# Pond auto fill question.



## Ron99 (May 7, 2010)

I use my auto sprinkler valve (solenoid) to fill my pond. It is on the timer for all the other yard zones (has its own zone). But now I want it to fill automatically through the same mechanism, but switch it on and off using a reed switch float in the pond. I've experimented with hooking up the reed switch and proceeded to burn one out before I saw a circuit diagram with a varistor in parallel with the solenoid. So I bought another switch and put in the varistor. No luck. It won't turn on the solenoid valve. I know the reed switch idea has been in the forum before, but I need help with the circuitry needed to support it. Thanks.


----------



## Greg Elmassian (Jan 3, 2008)

Reed switches typically don't handle enough current, and inductive loads (things with magnet wire like motors and solenoids) cause problems, even with "snubber" diodes and running on DC. 

Leviton makes a professional unit with a 2 prong sensor that conducts and triggers the unit when the water contacts them. 

Not cheap but reliable. 

I can get the part number if you want to spend $$, have 2 for my fountains. 

Regards, Greg


----------



## Ron99 (May 7, 2010)

Sure if you wouldn't mind. I need to do something pretty soon.


----------



## Greg Elmassian (Jan 3, 2008)

oops, it's levolor, not leviton... but found it:

*http://www.westsidewholesale.com/ja...-220v.html* 


*http://www.jandy.com/pdfs/L1057_Levolor_SellTech.pdf* 


Guess it's more expensive than I remember, although I think this one included a valve, I got the one with just the electrical outputs to drive a valve/solenoid.

This should get you started.

Regards, Greg


----------



## Ron99 (May 7, 2010)

Thanks Greg,

Yep it's pricey, but it looks like it will do the job quite well. Now I have to figure out how to get the wires from the sensor to the solenoid valve....hmmmm. One bore question. Do you use the skimmer sensor or the standpipe? I'm thinking of using the standpipe as I wouldn't have to run a new line from the skimmer sensor to the solenoid valve, as I already put one in last year. My solenoid valve is about 30' from the pond - straight through the railroad.

ron


----------



## bvdrr (Jan 3, 2008)

I was thinking I saw a device at a Farm and Home Store that was used to keep a horse tank full.It was more or less just a float and valve combination. Would something like this be of use? sure would be alot cheaper and simpler.
Fred


----------



## Greg Elmassian (Jan 3, 2008)

I believe mine is the K-1100 model, and I use a single sensor to stop the fill.
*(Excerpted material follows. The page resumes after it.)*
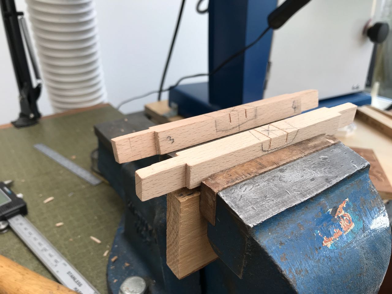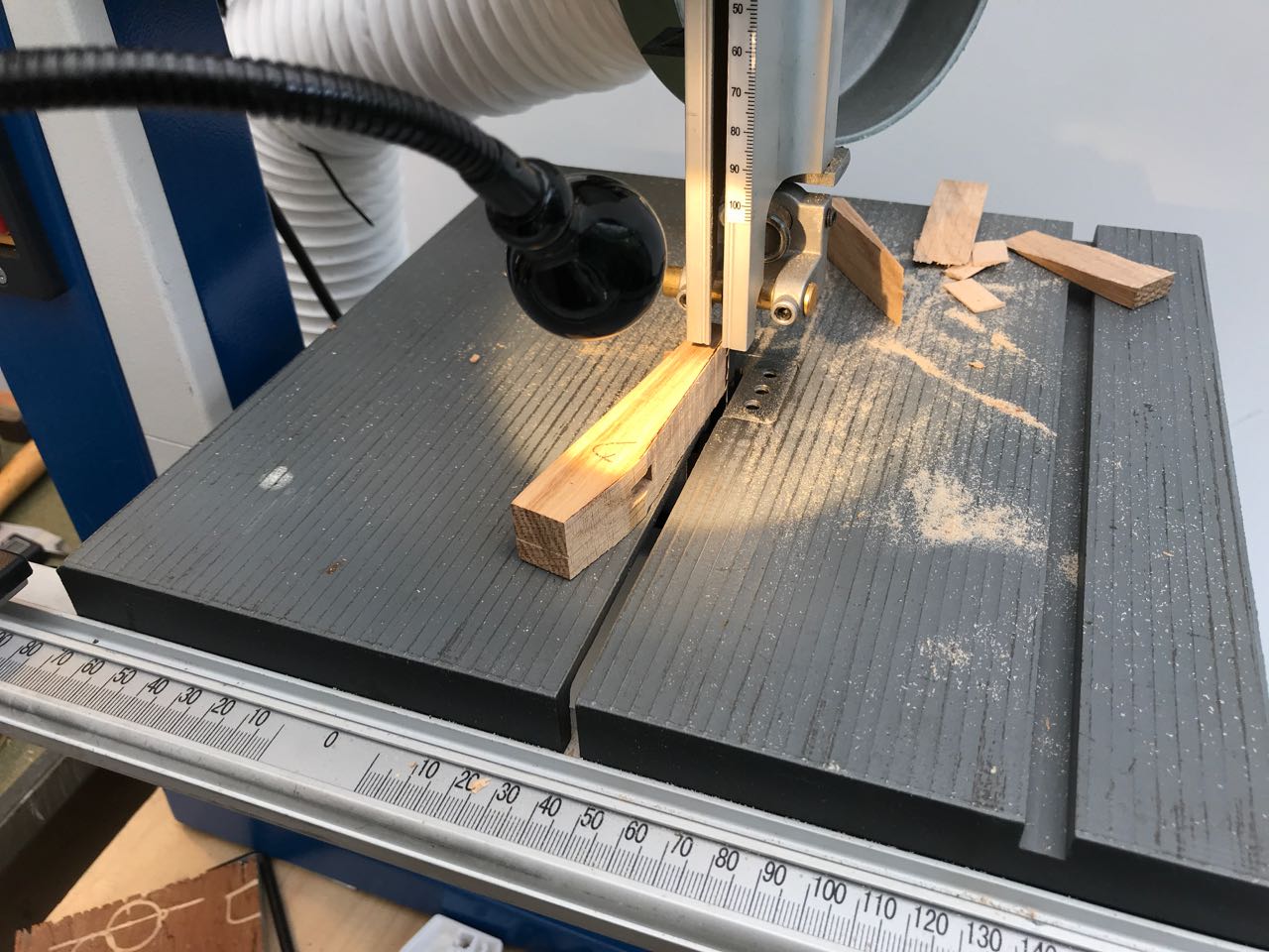 I removed the majority of the material from the tennons in the bandsaw ready to be finished to size by hand.

I have an overflow system so any overflow goes into the drain, so I don't need the dual sensors or the more complicated setup.
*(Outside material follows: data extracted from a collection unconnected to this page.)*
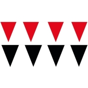 Zwart en rode vlaggetjes pakket. Totaal 120 meter vlaggetjes. Materiaal: plastic. Dit artikel bestaat uit 6x Party Vlaggenlijn puntvlaggetjes - kunststof - rood - 10 meter -…
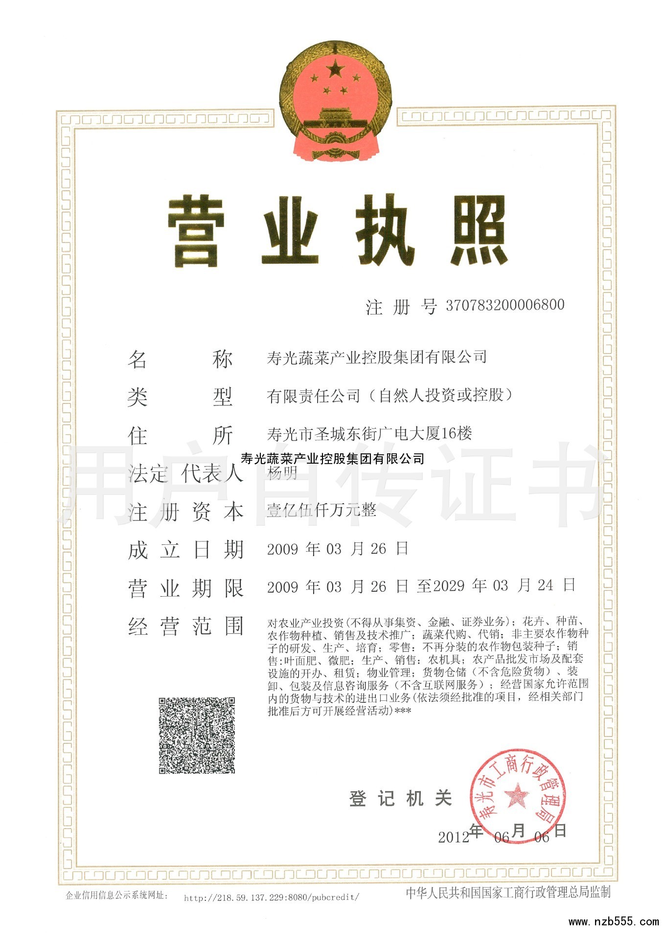 | 發(fā)證機(jī)構(gòu): | 壽光市工商行政管理局 | 發(fā)證時(shí)間 : | 2012-06-06 |
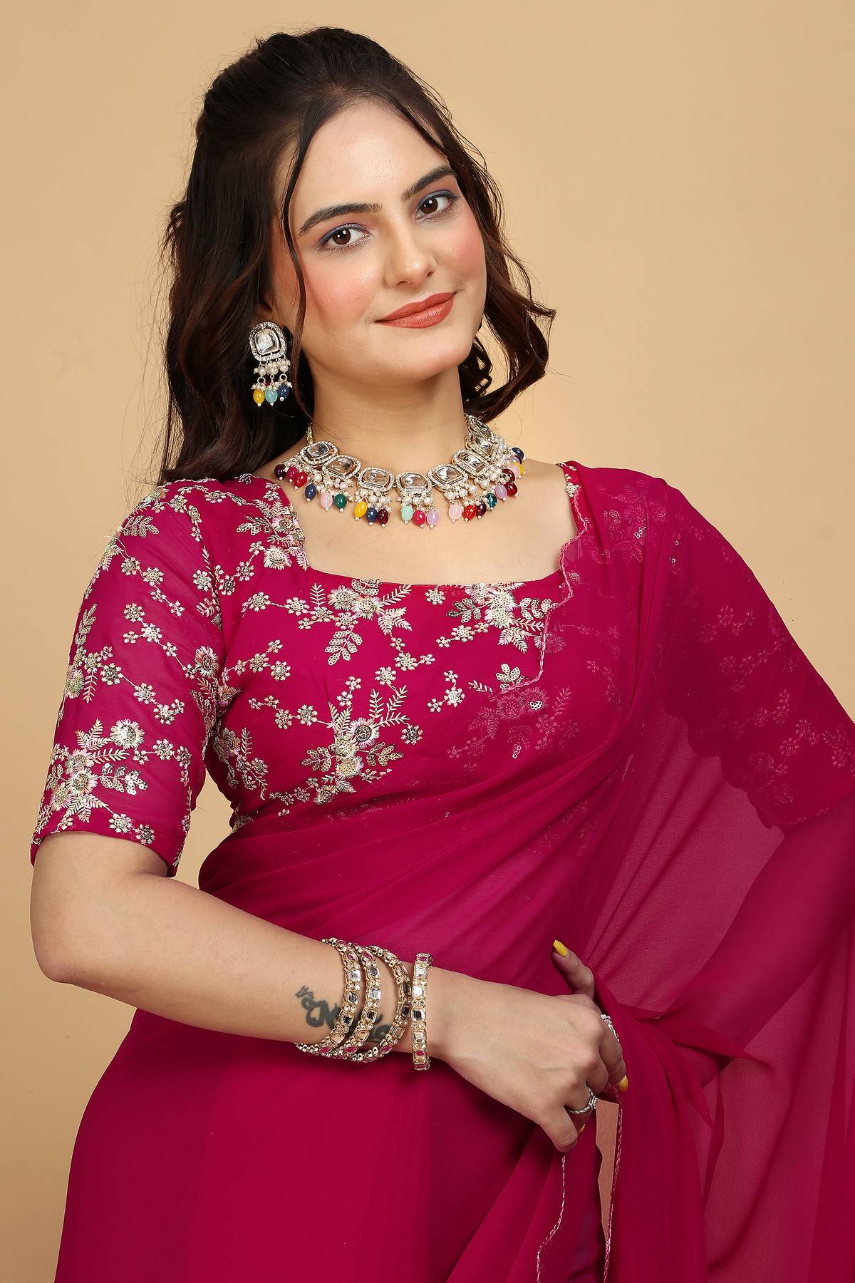 Embroidered Bollywood Georgette Saree (Pink)
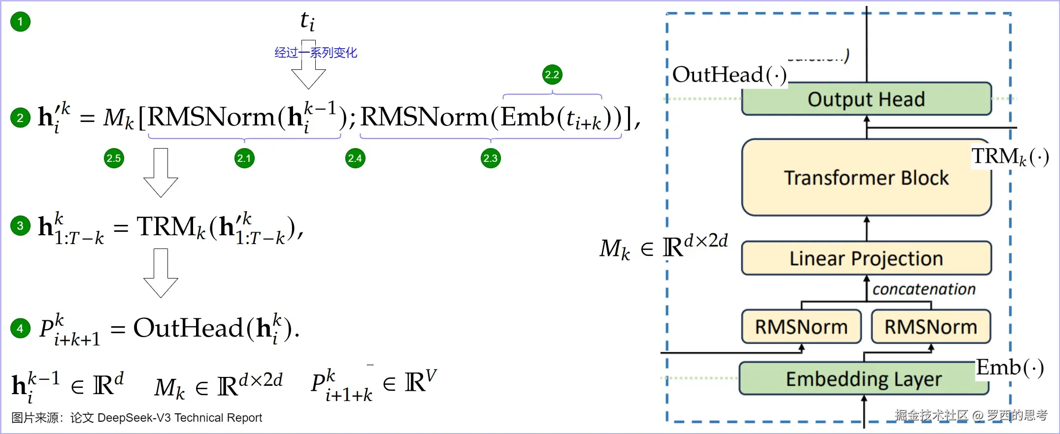 Deepseek-v3技术报告-图的逐步解析-3-不容易看懂的MTP-公式有拼写错误 迷途小书僮
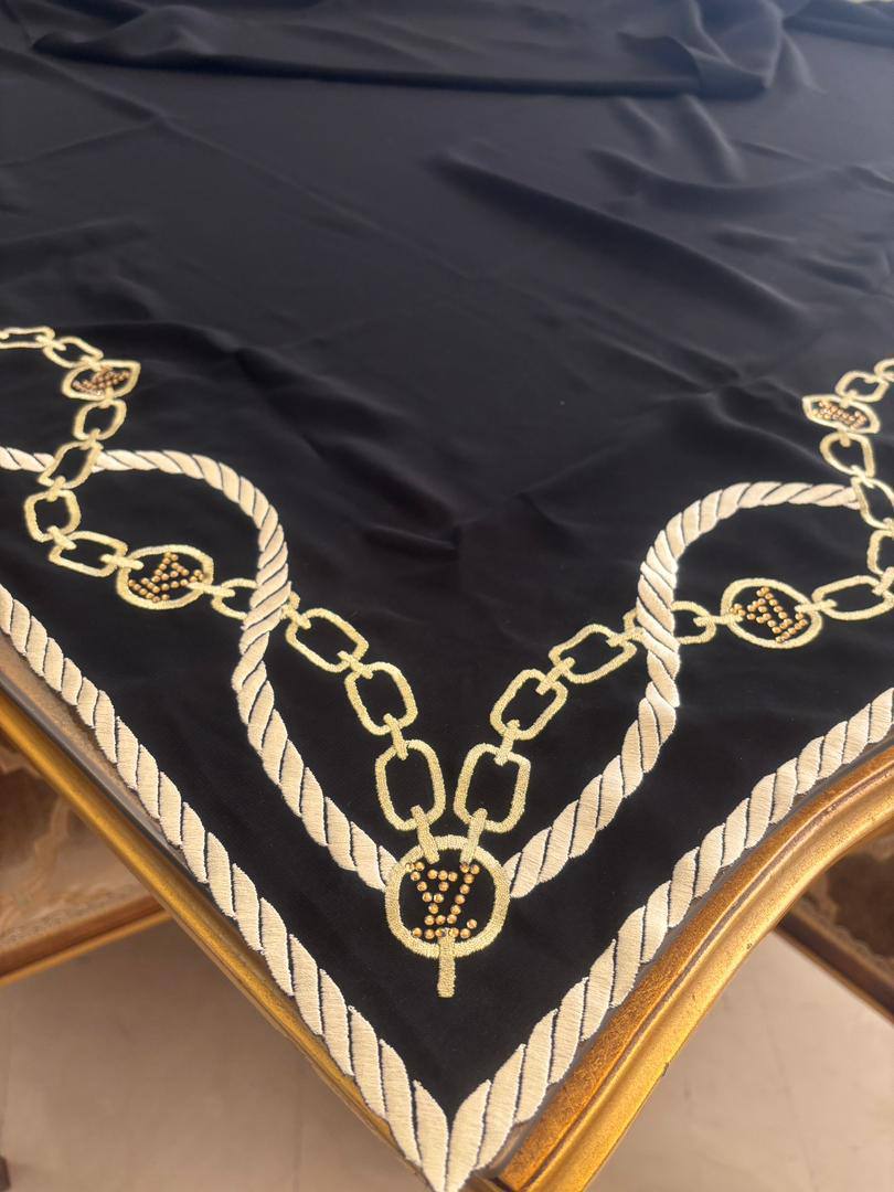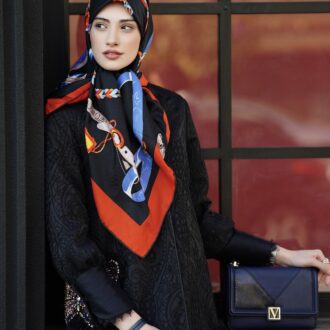 این روسری از جنس ابریشم ژاکارد بوده و عرض ۱۲۰ می باشد
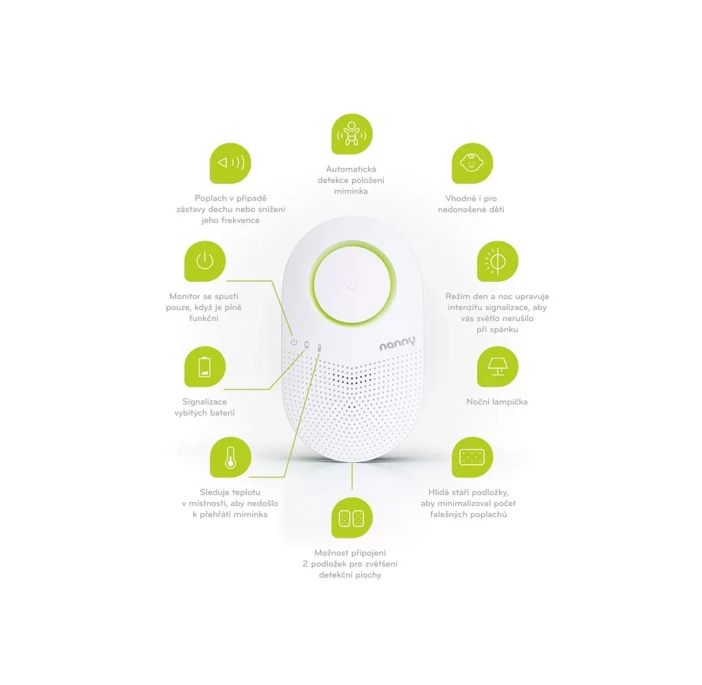 Nanny BM-03 je certifikovaný zdravotnický prostředek, který monitoruje dýchání dítěte a je vhodný i pro nedonošená miminka od 1kg hmotnosti. Jako jediný monitor na trhu také hlídá stáří podložky. V případě, že již překročila dobu své životnosti, upozorní vás na to během automatického testu funkčnosti při zapnutí.

The unit merely adds water when the level is low. The sensor is the black one in the illustration with 2 stainless steel "fingers", and I have it out in the open near the surface.

These are the 2 fountains:


















I brought a pvc pipe into the interior of each one to run the sensor wire, then have the sensor wire come out, and "hang" the sensor from the pipe with a clamp to adjust the level.


Regards, Greg


----------



## Ron99 (May 7, 2010)

the K1100 looks like it will fit the bill. I need to add water to keep the pump submerged. Living in NM there's a lot of evaporation. I also get some "splash" from a fairly long stream. During the summer, I have to be careful and keep increasing the duration of filling as the evaporation goes up. Overfilling is not really a big problem, as it will run over the edge of the pond and water the grass (more like weeds). So now, I need to drive a pipe under the walk to put the low voltage wires from the control module to the valve. Oh, and buy the unit! 

Thanks Greg, 

Ron


----------



## Madman (Jan 5, 2008)

I gave up on timers to fill my pond. Last year I simply ran a hose from the hose bib to a toilet tank fill valve in the "Pump House" of my pond. No batteries to replace. No buttons to push. All I need to do is adjust the float elevation with the turn of a small knob. And thats rare.


----------



## DKRickman (Mar 25, 2008)

I have also used float valves designed for cattle water troughs, with excellent results. I would think that reed switched, sensors, solenoids, etc. are just ways to make a simple solution complicated. Rube Goldberg would approve.


----------



## toddalin (Jan 4, 2008)

I use a reed switch as a float sensor to drain my lake from standing sprinkler water twice a day.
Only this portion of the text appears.